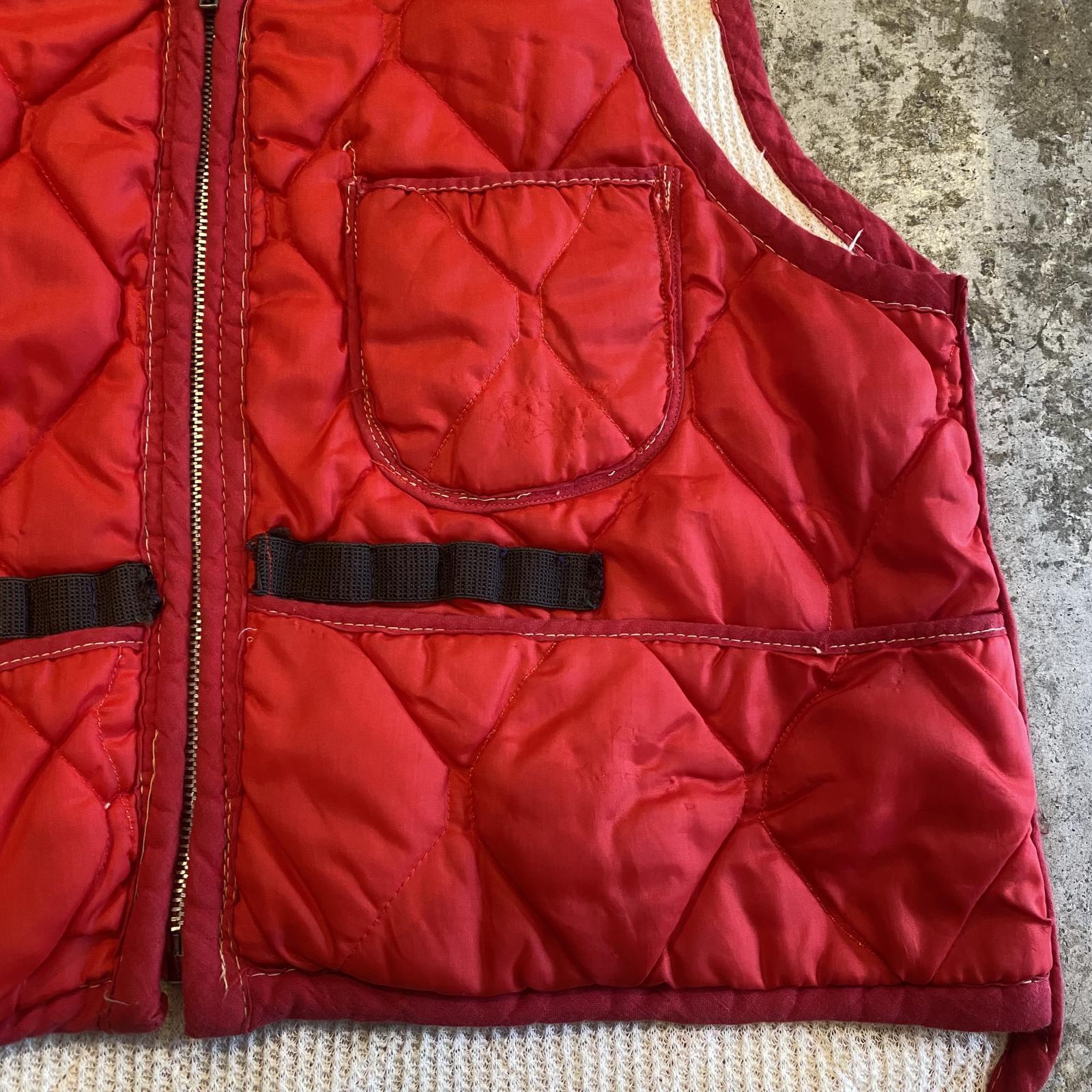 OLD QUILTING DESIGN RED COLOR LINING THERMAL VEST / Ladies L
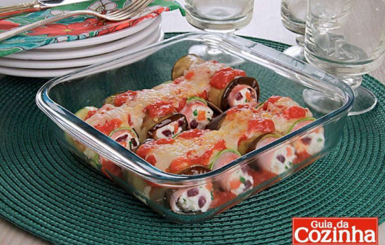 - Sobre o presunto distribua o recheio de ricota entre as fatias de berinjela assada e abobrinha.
________________
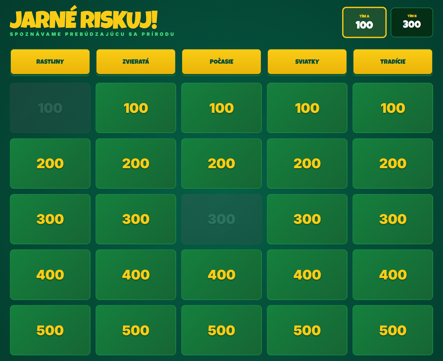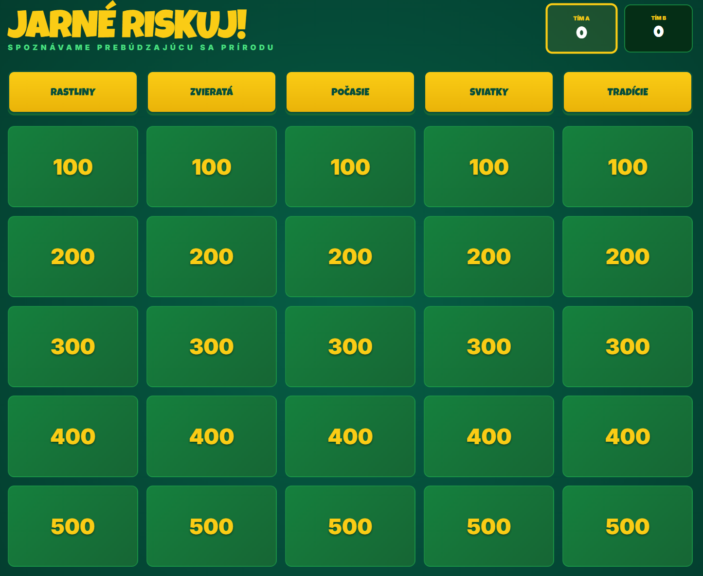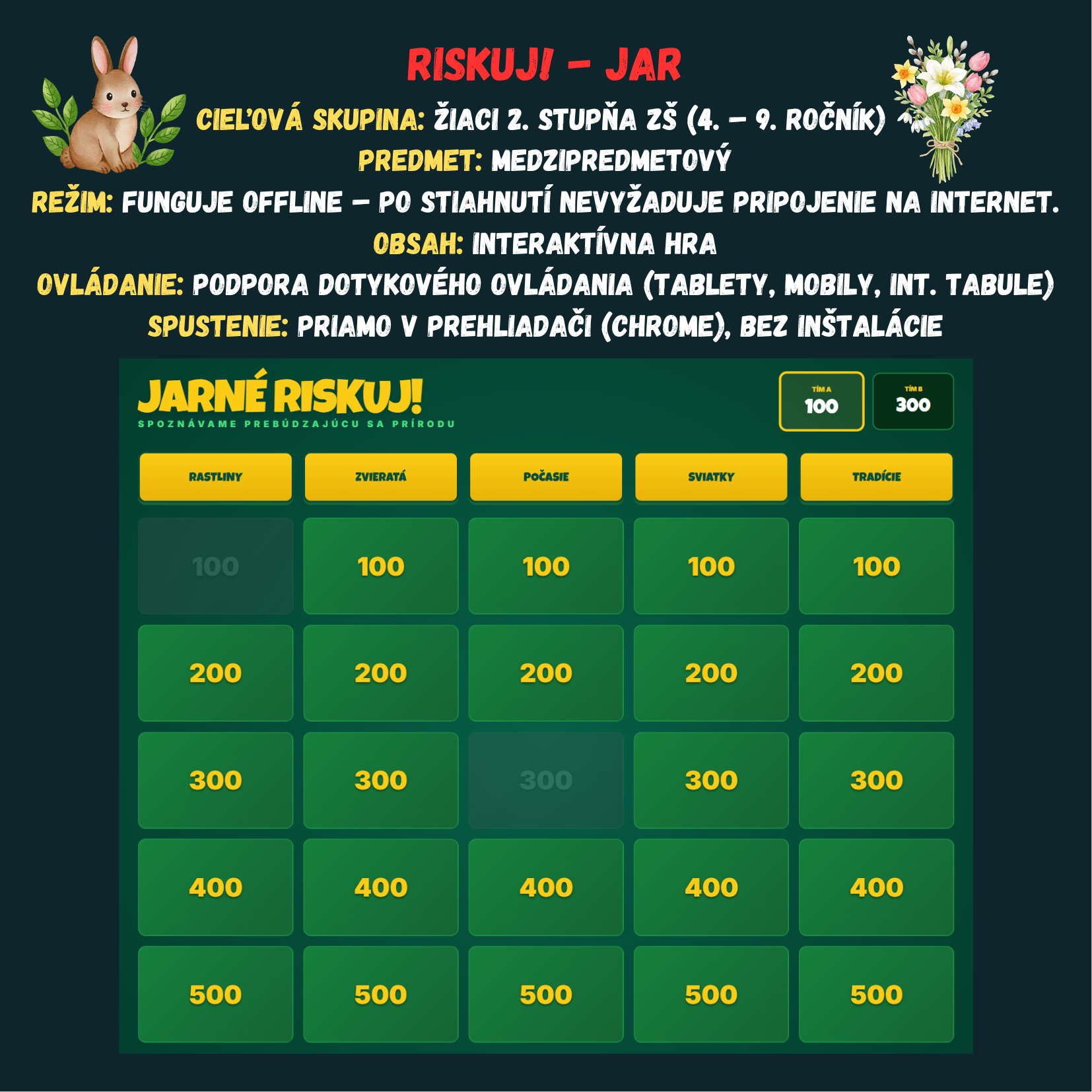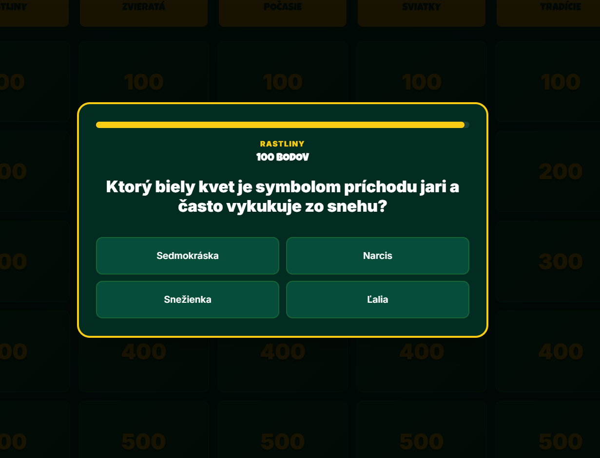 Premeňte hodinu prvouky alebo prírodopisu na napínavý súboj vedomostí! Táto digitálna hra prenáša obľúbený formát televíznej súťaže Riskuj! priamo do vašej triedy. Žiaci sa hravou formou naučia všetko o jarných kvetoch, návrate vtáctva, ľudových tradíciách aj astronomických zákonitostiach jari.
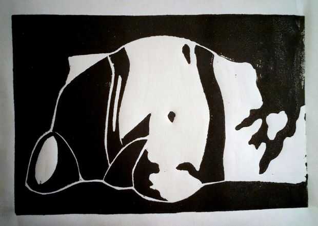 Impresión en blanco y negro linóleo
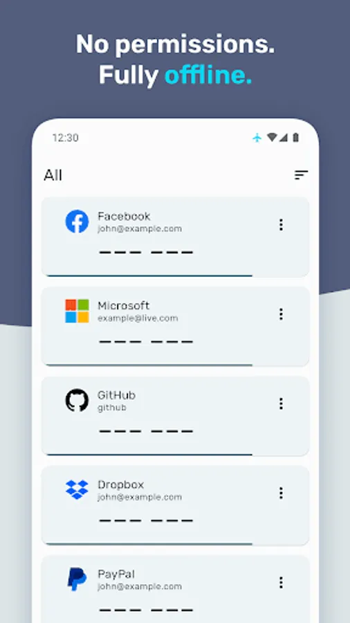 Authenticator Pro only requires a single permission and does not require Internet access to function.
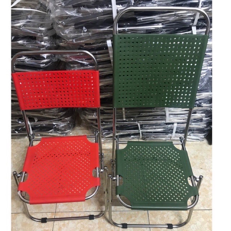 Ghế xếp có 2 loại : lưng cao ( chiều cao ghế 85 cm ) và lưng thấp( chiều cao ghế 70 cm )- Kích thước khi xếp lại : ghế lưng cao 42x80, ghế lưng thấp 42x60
________________
Print exactly the lines above that run from the one with "Impresión en blanco y negro linóleo" down to the one with "Ghế xếp có 2", and omit the pictures.

 Impresión en blanco y negro linóleo
 Authenticator Pro only requires a single permission and does not require Internet access to function.
 Ghế xếp có 2 loại : lưng cao ( chiều cao ghế 85 cm ) và lưng thấp( chiều cao ghế 70 cm )- Kích thước khi xếp lại : ghế lưng cao 42x80, ghế lưng thấp 42x60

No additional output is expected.